Mali
- FIBA zone: FIBA Africa
- National federation: Fédération Malienne de Basketball
- Coach: Moussa Dao

U17 World Cup
- Appearances: 7
- Medals: None

U16 AfroBasket
- Appearances: 9
- Medals: Gold: 8 (2009, 2011, 2013, 2015, 2017, 2019, 2021, 2023)

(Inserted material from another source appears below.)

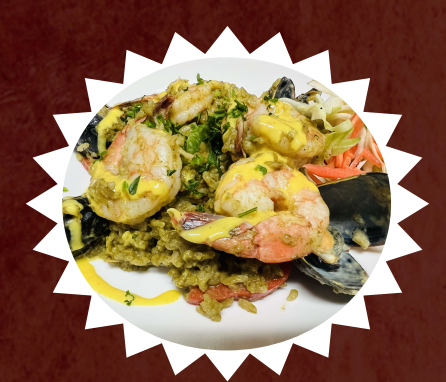
Cilantro Rice w/ Shrimp & Mussels Peruvian Style Cilantro Ri

Peruvian Style Cilantro Rice Tossed w/ Shrimp & Coleslaw Salad

= Mali women's national under-17 basketball team =

The Mali women's national under-16 and under-17 basketball team is a national basketball team of Mali, administered by the Fédération Malienne de Basketball. It represents the country in international under-16 and under-17 women's basketball competitions.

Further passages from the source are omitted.